Senator
- In office 17 November 2005 – 28 November 2007

Minister of Post and Communications
- In office 30 May 1993 – 7 June 1994
- Prime Minister: Abdelsalam al-Majali

Minister of Health
- In office 19 June 2000 – 16 June 2001
- Prime Minister: Ali Abu al-Ragheb

Senator
- In office 17 November 2005 – 28 November 2007

Personal details
- Born: 23 September 1936 Al Karak
- Died: 21 July 2014 (aged 77) Amman
- Relations: Salah Suheimat (Father), Attallah Suheimat (Grandfather), Muhammad Suheimat (Uncle)

= Tareq Suheimat =

Jordanian physician, general and statesman (1936-2014)
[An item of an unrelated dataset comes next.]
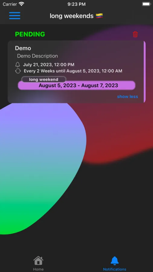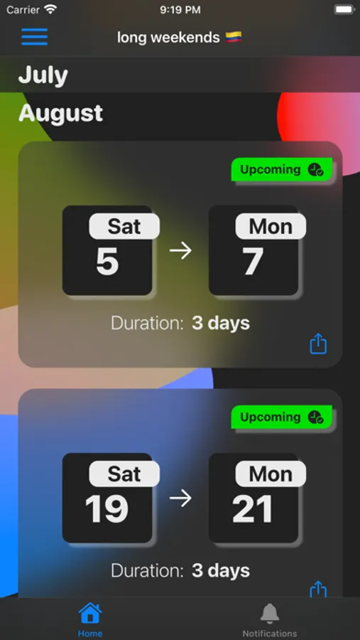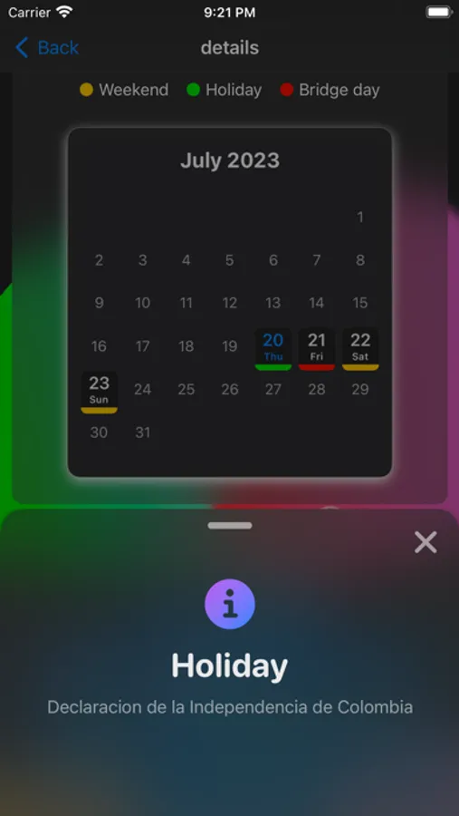 This app was designed to you informed about all the long weekends in a specific country for a given year. You can easily access information on upcoming extended weekends, allowing you to plan your activities and vacations more effectively.

Tareq Salah Attalla Suheimat (طارق السحيمات) (23 September 1936 – 21 July 2014), was a distinguished Jordanian physician, nephrologist, military General, and statesman. Born in the historic city of Al-Karak in southern Jordan, Suheimat studied in Amman's schools and then studied medicine in a number of universities, institutes and hospitals in the United Kingdom and the United States of America. He joined the Jordanian Armed Forces where he reached the rank of Major General, and has held a number of senior responsibilities at both medical and governmental levels.

== Education ==
- Received his primary and secondary education in the Jordanian capital, Amman.
- He studied in Britain, where he received a degree in Medicine and Surgery – University of London – London Hospital Medical College (the first school to be granted an official charter for medical teaching in 1785) and the Royal College of Surgeons of England of London 1962.
- Obtained a Specialty in Internal Medicine – and Renal diseases at leading UK hospitals.
- Obtained at an advanced specialty in nephrology and renal transplantation – from Philadelphia, United States of America.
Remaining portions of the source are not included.